ChevronTexaco Posts Profit on High Prices
Fri Jul 30, 2004
NEW YORK (Reuters) - ChevronTexaco Corp. (CVX.N: Quote, Profile, Research) , the No. 2 U.S. oil company, on Friday reported quarterly earnings that more than doubled because of record oil and gasoline prices and several one-time gains.
The San Ramon, California-based company said net income rose to a record $4.1 billion or $3.88 a share in the second quarter from $1.60 billion or $1.50 in the year-ago period.
Even after stripping out such special items as a $585 million gain from Canadian asset sales, $255 million of income tax benefits and income from discontinued operations, the company earned $3.04 per share.
On that basis, the results exceeded the Reuters Estimates average analyst estimate of $2.70 a share by about 12 percent. That makes ChevronTexaco the only major integrated oil company so far to generate a positive earnings surprise this quarter.
"This was by far the strongest performance among the whole group," said Oppenheimer & Co. analyst Fadel Gheit. "They were basically strong across the board. They could not miss this time."
The second quarter was an exceptionally good period for the energy industry, as energy commodity and product prices advanced at the same time consumption worldwide was rising. And with the price of oil more than doubling since January 2002, analysts say prices are not expected to subside any time soon.
For the second straight day, benchmark U.S. oil futures on Friday set a fresh record high. Futures rose as high as $43.60 a barrel, the highest since contract trading began in 1983, amid renewed worries about supply disruptions from Russia and OPEC's ability to make up any shortfalls.
Yet investors this past week were disappointed as ConocoPhillips (COP.N: Quote, Profile, Research) and Exxon Mobil (XOM.N: Quote, Profile, Research) merely matched expectations.

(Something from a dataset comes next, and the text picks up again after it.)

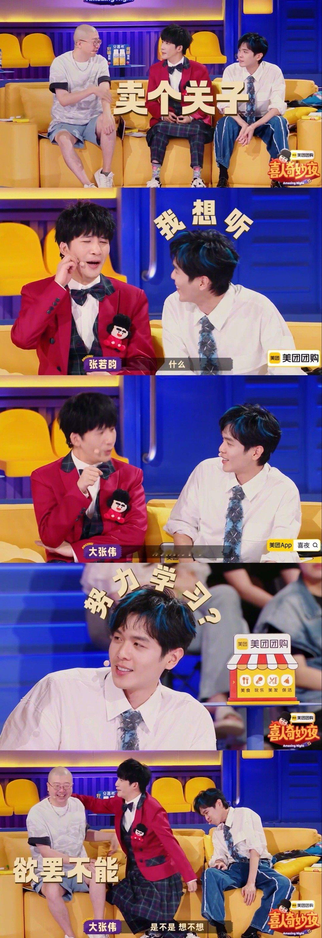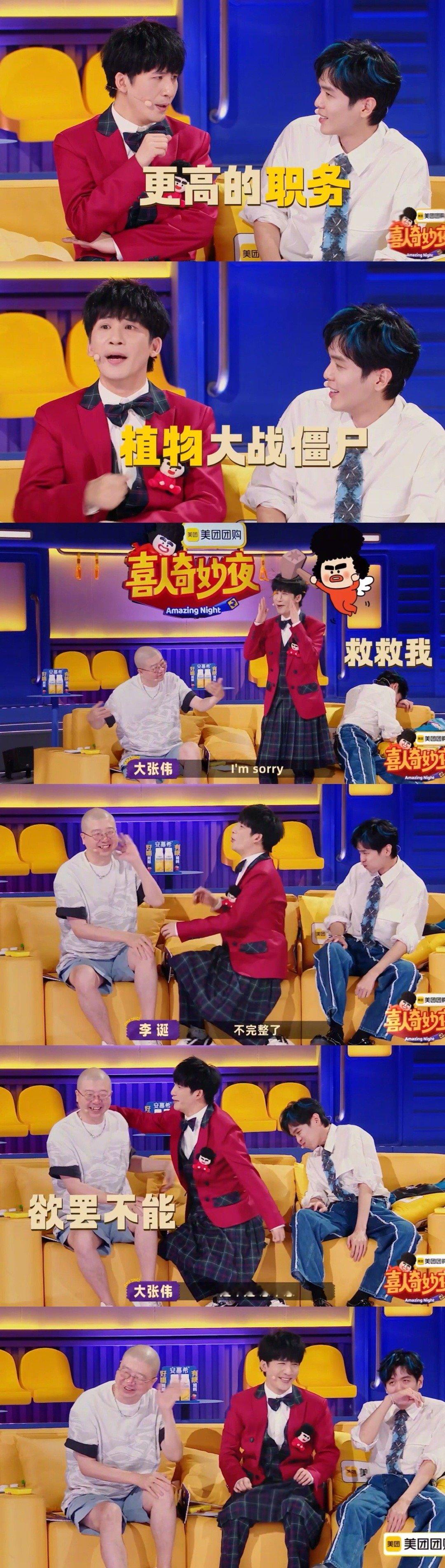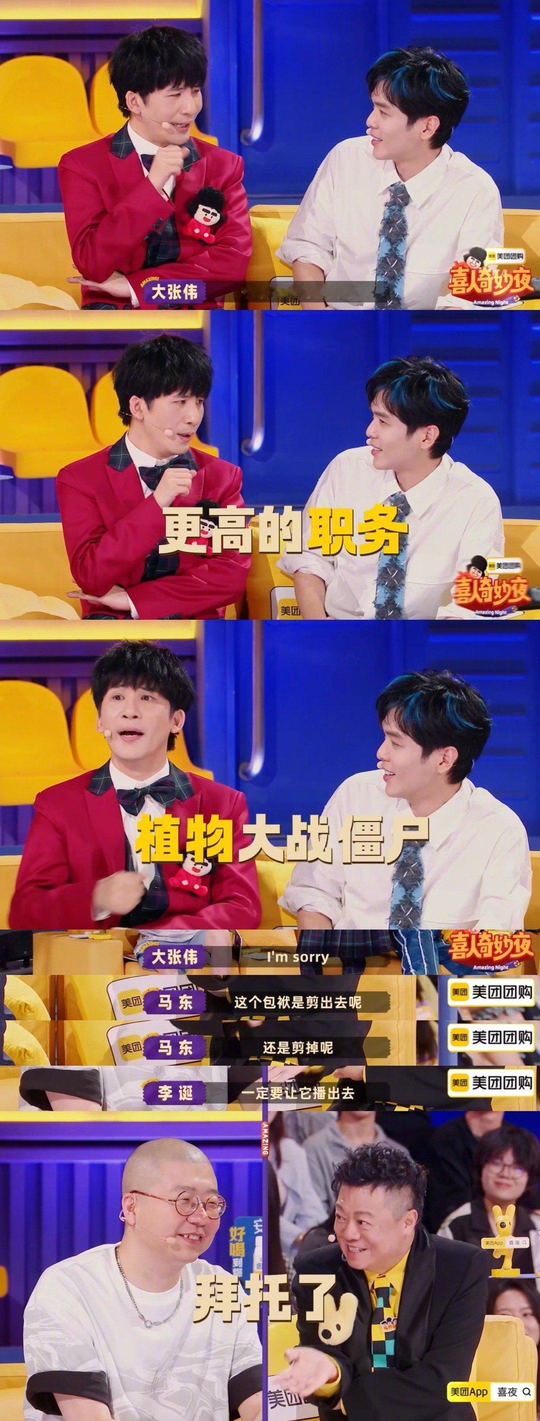 大张伟来了张若昀的笑点也来了 大张伟这"植物大战僵尸"的梗太绝了!面对僵尸要拿更高职务,一下子就把张若昀的好奇心勾起来了,追问之后才反应过来,太逗了!喜人奇妙夜

Both acknowledged that downtime at various facilities stopped them from taking full advantage of unusually strong energy markets.
ChevronTexaco quarterly sales, affiliate income and other revenue surged 31 percent to $38.3 billion, fueled by record energy prices and asset sale gains.
Exploration and production income more than doubled as energy markets pushed prices of energy commodities to new highs in response to a series of supply disruptions in Iraq, Norway, Nigeria and, most recently, Russia.
As expected, the company's average oil and gas output fell by 4 percent to about 2.58 million barrels per day from last year, mostly due to asset sales.
Even a perennial laggard such as the chemicals business contributed $59 million of income, nearly doubling from last year as economic growth supported higher sales volumes.
The standout results come as the company reorganizes its business lines three years after the merger of Chevron and Texaco.
Until recently the merger was widely considered a disappointment as ChevronTexaco announced a series of write-downs, production shortfalls and major losses on its investments in fallen energy trader Dynegy (DYN.N: Quote, Profile, Research) .
A year ago the company announced plans to divest billions of dollars of less productive properties and other assets to boost profitability, though the moves mean falling production in the short term.
Windfall profits helped ChevronTexaco to strengthen its balance sheet by reducing debt and amassing $9 billion in cash and marketable securities. ChevronTexaco's cash hoard has nearly doubled in the past year amid speculation the company is eager to make an acquisition in Russia.
The company also boosted its capital spending by 8.5 percent in the quarter to $3.8 billion, and contributed $600 million to employee pension funds.
ChevronTexaco's shares closed up 17 cents at $95.65 on the New York Stock Exchange.